#### EXERCISE DETAILS
Give back the full listing as written. No pictures go with it.

#### SUPPLIED INFORMATION
-- Opening Marker --
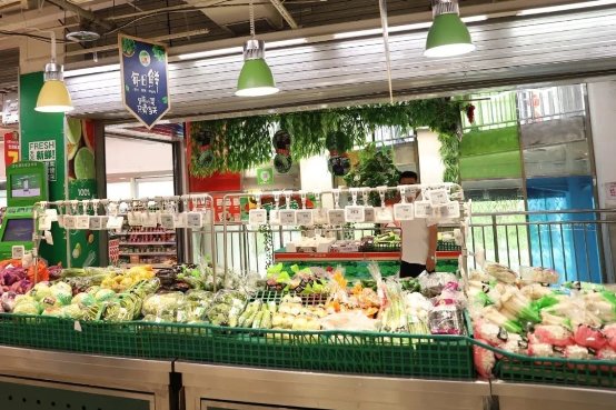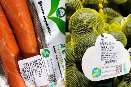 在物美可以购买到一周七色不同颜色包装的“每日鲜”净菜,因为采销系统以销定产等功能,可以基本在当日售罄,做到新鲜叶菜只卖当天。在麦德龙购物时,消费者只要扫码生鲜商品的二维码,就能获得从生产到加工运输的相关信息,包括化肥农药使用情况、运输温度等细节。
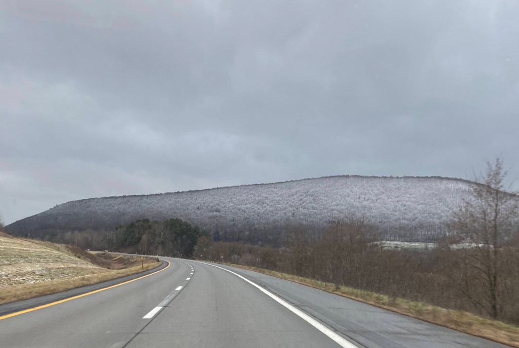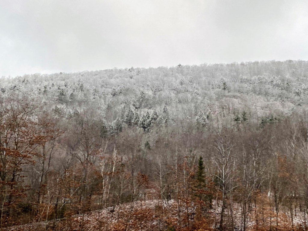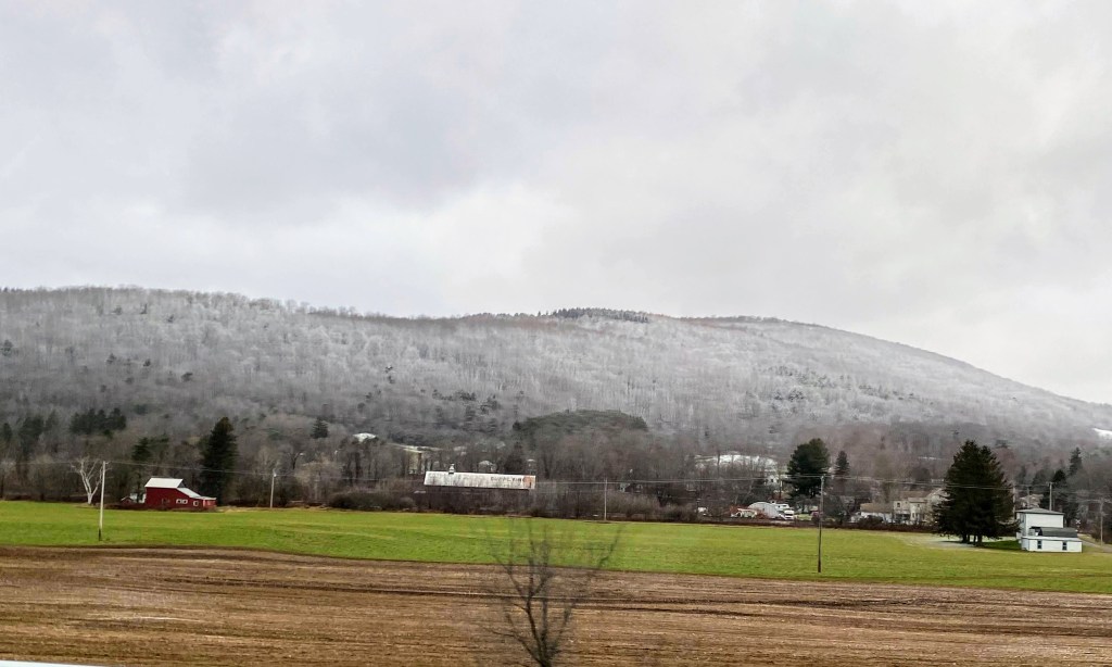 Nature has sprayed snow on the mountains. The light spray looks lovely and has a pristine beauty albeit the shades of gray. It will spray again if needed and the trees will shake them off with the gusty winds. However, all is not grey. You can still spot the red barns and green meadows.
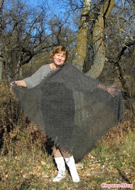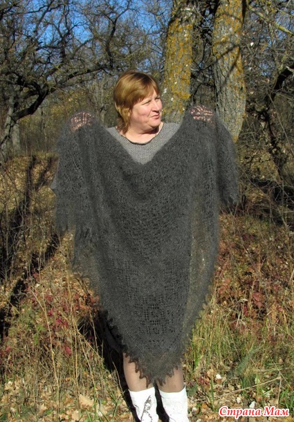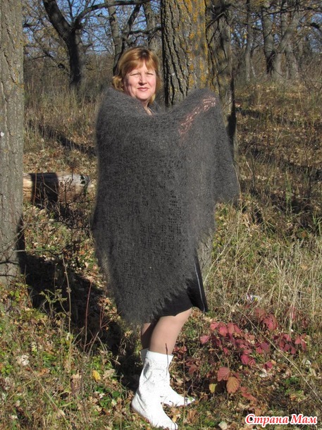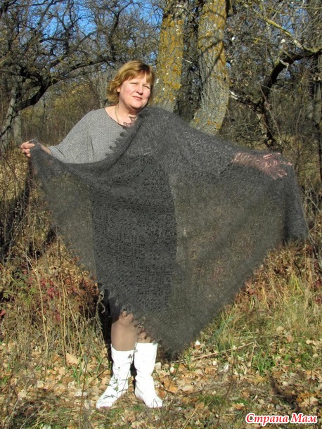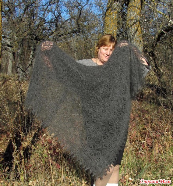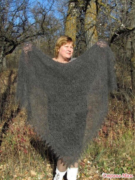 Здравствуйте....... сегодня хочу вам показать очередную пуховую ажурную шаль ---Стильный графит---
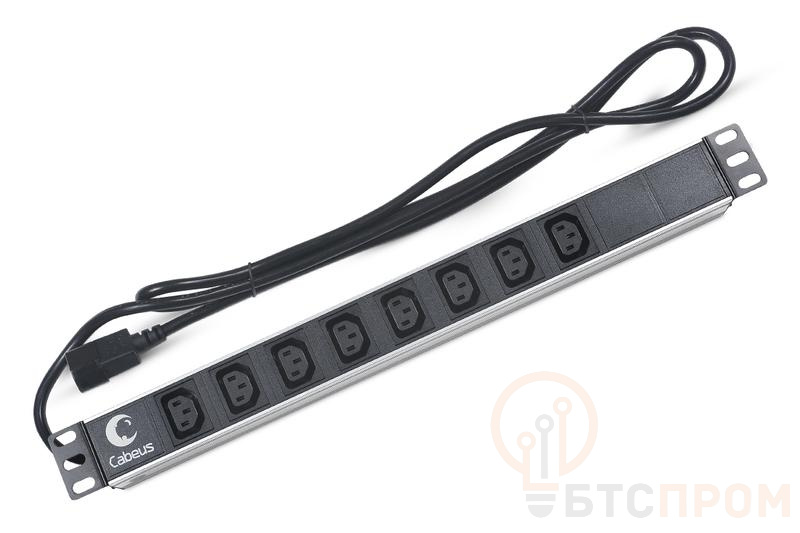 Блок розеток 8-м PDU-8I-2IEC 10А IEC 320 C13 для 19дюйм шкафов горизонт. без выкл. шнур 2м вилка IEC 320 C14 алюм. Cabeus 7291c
-- Closing Marker --
#### RESPONSE BOX
 在物美可以购买到一周七色不同颜色包装的“每日鲜”净菜,因为采销系统以销定产等功能,可以基本在当日售罄,做到新鲜叶菜只卖当天。在麦德龙购物时,消费者只要扫码生鲜商品的二维码,就能获得从生产到加工运输的相关信息,包括化肥农药使用情况、运输温度等细节。
 Nature has sprayed snow on the mountains. The light spray looks lovely and has a pristine beauty albeit the shades of gray. It will spray again if needed and the trees will shake them off with the gusty winds. However, all is not grey. You can still spot the red barns and green meadows.
 Здравствуйте....... сегодня хочу вам показать очередную пуховую ажурную шаль ---Стильный графит---
 Блок розеток 8-м PDU-8I-2IEC 10А IEC 320 C13 для 19дюйм шкафов горизонт. без выкл. шнур 2м вилка IEC 320 C14 алюм. Cabeus 7291c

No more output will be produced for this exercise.